Directions: Go through the listing below and say how many lines contain "Организация"; write nothing but the number.

Excerpted records:

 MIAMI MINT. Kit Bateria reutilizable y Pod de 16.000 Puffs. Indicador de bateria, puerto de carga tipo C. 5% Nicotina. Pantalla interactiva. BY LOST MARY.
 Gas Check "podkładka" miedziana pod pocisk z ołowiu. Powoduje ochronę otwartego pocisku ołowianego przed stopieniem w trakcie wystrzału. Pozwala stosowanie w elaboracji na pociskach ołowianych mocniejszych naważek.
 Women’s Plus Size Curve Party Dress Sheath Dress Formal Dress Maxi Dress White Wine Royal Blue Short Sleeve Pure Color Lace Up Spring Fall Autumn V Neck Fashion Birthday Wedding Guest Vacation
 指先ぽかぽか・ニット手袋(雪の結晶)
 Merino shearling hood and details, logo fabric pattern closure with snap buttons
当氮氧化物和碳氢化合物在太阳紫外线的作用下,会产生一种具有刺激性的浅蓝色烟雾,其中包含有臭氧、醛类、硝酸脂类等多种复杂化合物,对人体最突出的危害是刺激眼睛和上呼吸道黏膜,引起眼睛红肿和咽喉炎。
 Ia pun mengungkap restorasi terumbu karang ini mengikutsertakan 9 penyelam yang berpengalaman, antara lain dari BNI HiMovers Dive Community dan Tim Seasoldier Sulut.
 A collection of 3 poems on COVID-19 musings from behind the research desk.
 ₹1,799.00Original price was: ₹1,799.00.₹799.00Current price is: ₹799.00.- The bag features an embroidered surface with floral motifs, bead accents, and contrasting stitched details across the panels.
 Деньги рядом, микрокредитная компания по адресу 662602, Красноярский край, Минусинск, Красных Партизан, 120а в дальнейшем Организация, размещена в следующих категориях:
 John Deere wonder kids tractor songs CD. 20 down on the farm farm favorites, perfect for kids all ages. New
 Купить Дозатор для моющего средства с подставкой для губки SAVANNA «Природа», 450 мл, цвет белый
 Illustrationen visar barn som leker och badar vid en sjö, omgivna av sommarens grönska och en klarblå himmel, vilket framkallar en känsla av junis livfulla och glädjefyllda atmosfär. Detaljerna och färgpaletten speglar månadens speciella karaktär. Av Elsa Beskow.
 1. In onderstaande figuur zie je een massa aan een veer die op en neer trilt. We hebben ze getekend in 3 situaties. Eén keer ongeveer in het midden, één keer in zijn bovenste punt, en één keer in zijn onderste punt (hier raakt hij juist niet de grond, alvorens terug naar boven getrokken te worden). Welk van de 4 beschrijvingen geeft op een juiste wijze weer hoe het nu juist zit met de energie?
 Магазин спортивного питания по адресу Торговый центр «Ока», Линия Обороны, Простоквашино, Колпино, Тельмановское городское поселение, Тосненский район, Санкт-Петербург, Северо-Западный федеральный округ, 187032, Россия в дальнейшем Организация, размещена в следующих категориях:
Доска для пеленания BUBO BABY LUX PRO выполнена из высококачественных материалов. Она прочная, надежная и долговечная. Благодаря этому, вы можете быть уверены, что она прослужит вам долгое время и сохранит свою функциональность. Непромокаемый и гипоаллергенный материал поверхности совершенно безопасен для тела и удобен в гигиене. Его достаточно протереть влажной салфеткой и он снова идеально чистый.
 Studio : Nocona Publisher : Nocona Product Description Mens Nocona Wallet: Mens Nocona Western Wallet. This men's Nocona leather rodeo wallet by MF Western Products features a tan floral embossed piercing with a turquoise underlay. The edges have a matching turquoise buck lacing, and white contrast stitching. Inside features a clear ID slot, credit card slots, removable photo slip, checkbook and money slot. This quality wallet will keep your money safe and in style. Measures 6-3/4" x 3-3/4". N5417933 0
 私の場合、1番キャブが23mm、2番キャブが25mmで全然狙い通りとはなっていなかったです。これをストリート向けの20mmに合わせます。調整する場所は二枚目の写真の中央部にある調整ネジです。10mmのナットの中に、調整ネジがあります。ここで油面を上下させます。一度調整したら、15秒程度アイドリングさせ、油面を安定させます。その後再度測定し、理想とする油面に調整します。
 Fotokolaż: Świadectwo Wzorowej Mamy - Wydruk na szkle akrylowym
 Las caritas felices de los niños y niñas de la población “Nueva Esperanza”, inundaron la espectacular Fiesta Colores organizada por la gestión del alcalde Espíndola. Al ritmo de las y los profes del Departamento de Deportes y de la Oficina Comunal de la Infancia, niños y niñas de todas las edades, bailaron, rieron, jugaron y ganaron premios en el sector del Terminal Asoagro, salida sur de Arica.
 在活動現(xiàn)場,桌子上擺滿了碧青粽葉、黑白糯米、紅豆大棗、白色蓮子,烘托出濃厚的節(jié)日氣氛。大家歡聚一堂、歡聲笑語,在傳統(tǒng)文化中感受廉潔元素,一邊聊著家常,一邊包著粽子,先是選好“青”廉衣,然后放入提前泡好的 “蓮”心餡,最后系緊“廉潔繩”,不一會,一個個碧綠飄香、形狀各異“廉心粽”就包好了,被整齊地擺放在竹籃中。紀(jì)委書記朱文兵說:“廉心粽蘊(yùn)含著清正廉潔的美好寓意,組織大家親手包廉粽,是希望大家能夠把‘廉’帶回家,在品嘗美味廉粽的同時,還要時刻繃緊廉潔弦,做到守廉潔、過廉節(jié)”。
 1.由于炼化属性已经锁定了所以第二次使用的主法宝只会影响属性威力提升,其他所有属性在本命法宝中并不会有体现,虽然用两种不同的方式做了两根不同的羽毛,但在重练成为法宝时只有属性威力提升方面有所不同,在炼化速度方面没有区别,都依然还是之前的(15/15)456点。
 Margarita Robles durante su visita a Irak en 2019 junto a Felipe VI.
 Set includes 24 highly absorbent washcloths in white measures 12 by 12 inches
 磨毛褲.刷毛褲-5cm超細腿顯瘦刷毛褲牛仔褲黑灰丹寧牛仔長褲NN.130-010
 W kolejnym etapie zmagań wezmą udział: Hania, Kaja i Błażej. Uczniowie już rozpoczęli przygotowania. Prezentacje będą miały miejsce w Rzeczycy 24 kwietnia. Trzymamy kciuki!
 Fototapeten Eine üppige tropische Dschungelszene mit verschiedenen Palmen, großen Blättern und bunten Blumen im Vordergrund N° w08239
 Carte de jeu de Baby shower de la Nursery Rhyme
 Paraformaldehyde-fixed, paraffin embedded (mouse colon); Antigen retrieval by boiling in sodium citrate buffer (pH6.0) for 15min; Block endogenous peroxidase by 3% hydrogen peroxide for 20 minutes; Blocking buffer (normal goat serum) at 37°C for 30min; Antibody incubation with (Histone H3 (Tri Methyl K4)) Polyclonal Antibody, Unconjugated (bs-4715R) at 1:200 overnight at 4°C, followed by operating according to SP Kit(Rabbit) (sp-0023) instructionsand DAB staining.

Answer: 2